# Powder Coated my LTZ wheels & new tires Pictures :)



## Onthelo2 (Jul 2, 2012)

Well finally had the time to do some small mods to the car, needed a change. Special thanks to another forum member for getting me back into a set of LTZ wheels. As some of you know I sold my OEM LTZ wheels a few years back when I needed some extra cash. Well that is no longer the case and I had been searching for a clean set. I found a set here and picked them up. They were super clean and all original so thank you bro! I then took them to powder and they were stripped and media blasted then done in what we call here in the bay area "Tiger-Wet Gloss Black" pulled them out of the oven yesterday ordered me up some sticky Dunlop DZ102's in the OEM size, picked up some Gorilla black/chrome acorn lugs and headed off to mount them up today. We used black weights also too hide them, new valve stems, re-installed the TPMS and calibrated it and glazed them with sauce. As for the center caps you may notice they are matte finish as I just plasti-dipped them for now until I send my spare set of center caps off to the airbrusher to handle some fine details.
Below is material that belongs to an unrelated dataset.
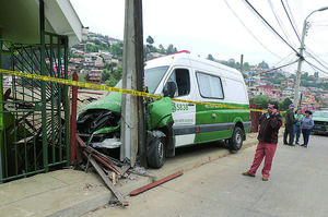 Retén móvil chocó poste y frontis de una casa en el cerro San Roque

Also swapped out the OEM headlight bulbs for some Philips 4k anyway just wanted to share with you guys. Pictures don't do it justice, it looks much more aggressive in person. What do you guys think ? Honest critics are welcomed. Enjoy


----------



## Terryk2003 (Sep 22, 2014)

Wheels look great!!


----------



## Onthelo2 (Jul 2, 2012)

Terryk2003 said:


> Wheels look great!!


Thank you !


----------



## Dvan5693 (Jul 8, 2014)

These look sooo sooo great. Like I want these. Very jealous.


----------



## Onthelo2 (Jul 2, 2012)

Thank you sir


----------



## Onthelo2 (Jul 2, 2012)

Been loving the gloss black it looks so much more aggressive with the black wheels and stance its just enough for a daily driver


----------



## pikeintheboat (Jun 8, 2015)

Looks great. I am glad you didn't just "Plasti-dip" them.


----------



## jsusanka (Jan 31, 2011)

Looks good I like it!


----------



## onthelo (Jun 26, 2012)

These wheels are for sale now please message me or email me if interested. [email protected]
Thank you everyone


----------



## Blasirl (Mar 31, 2015)

You should post some pictures off the vehicle and a price.


----------



## onthelo (Jun 26, 2012)

Blasirl said:


> You should post some pictures off the vehicle and a price.


The details and price are in the parts for sale section. I am going to clean them this weekend and then i will put each wheel pic for a more detailed look. Thank you for your advise, I appreciate it


----------